Das 1991 beim Zerfall der UdSSR verabschiedete Gesetz zur Rehabilitation von Opfern der sowjetischen Repression schloss bereits diejenigen aus, die sich Verbrechen der Kollaboration mit dem Nazi-Regime schuldig gemacht hatten. Selektiv waren die Absagen der letzten beiden Jahre daher a priori nicht notwendig. Aber sie sind Teil des Diskurses des Kremls, die Geschichte neu zu schreiben und in der Ukraine seine „spezielle Militäroperation“ gegen die Ukraine zu rechtfertigen „Kiewer Nazi“ und in Russland die Unterdrückung einer sogenannten fünften Kolonne, die als liberal und revisionistisch gilt. Auf Fernsehbildschirmen und auf Schulhöfen ist die von der Propaganda inszenierte Botschaft klar: Wladimir Putin kämpft wie Josef Stalin gegen den Nationalsozialismus, und diejenigen, die dagegen sind, kämpfen auch „Faschisten“.

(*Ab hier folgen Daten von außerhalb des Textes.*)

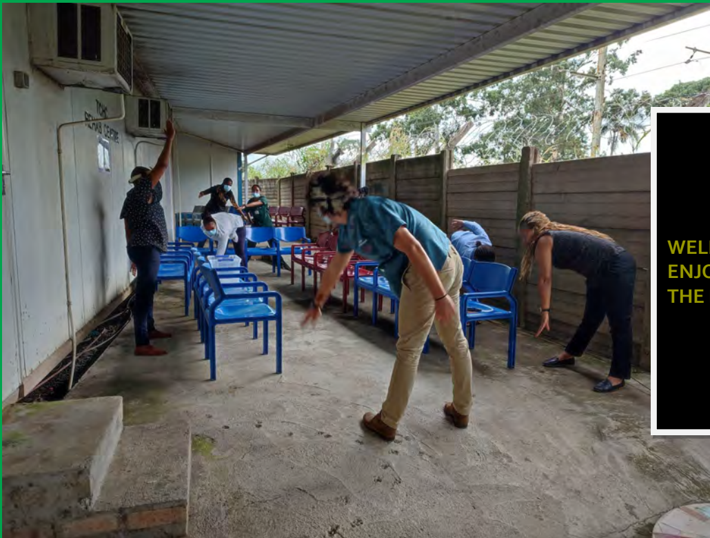
WELLNESS GROUP ENJOYING EXERCISES BY THE PHYSIOTHERAPIST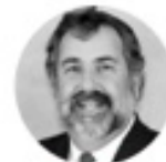
David Shapiro CITY OF CALABASAS Councilmember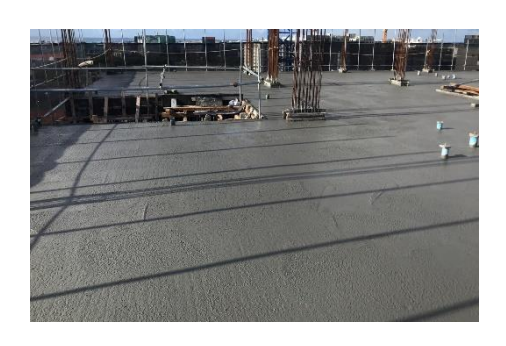
13th Floor slab casting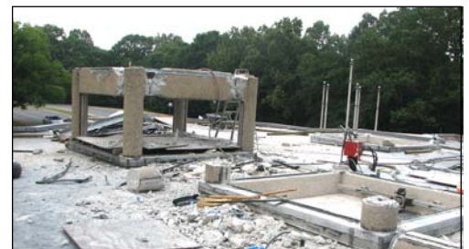
The last of the four skylights – concrete saws and jackhammers were used in the removal.

(Continued "Visitor Center Repairs" on page 2)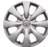
Corolla and LE standard 15-in. steel wheel with full wheel cover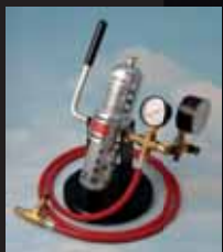
Seek-A-Leak Pressure Test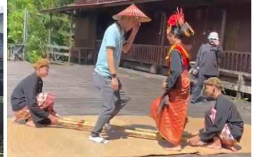
Learn to make Mee Sua and bamboo dance.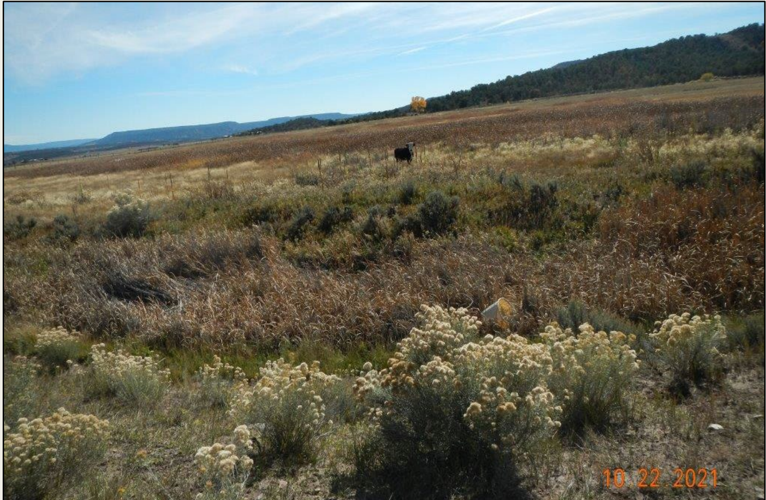
Photo 4. View of the reference area comprised of irrigated grass field with grasses such as smooth brome, orchard grass, and foxtail barley, as well as scattered sagebrush and wetland vegetation such as cattails.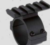
Mount Adapter 34 mm For mounting Micro sights on magnifying scopes with 34 mm tube Art. No. 200153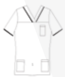
N2018 SS V-neck tunic with contrast & pockets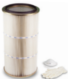
CI880- Filter cartridge for LT40/A (CI540) separator in polyester lavable - dimensions: 61 cm H x Ø27 cm

Spare parts Contains protection kit with mask and gloves

„Es ist ein Prozess des Vergessens und der Verzerrung, die Erinnerung an Verdrängungen zu verdrängen. Der Angriff auf das Rehabilitationsgesetz, den einzigen Gesetzestext, in dem der Staat seine Verantwortung für den politischen Terror anerkannte, ist Teil der Putinschen Ideologie, die versucht, diese Verantwortung zu minimieren. Es basiert auf einer Rückkehr zu einer mythologisierten, vermeintlich glorreichen Vergangenheit, die in Wirklichkeit nie existiert hat.beunruhigt Irina Scherbakova, Historikerin der russischen NGO Memorial, jetzt im Exil.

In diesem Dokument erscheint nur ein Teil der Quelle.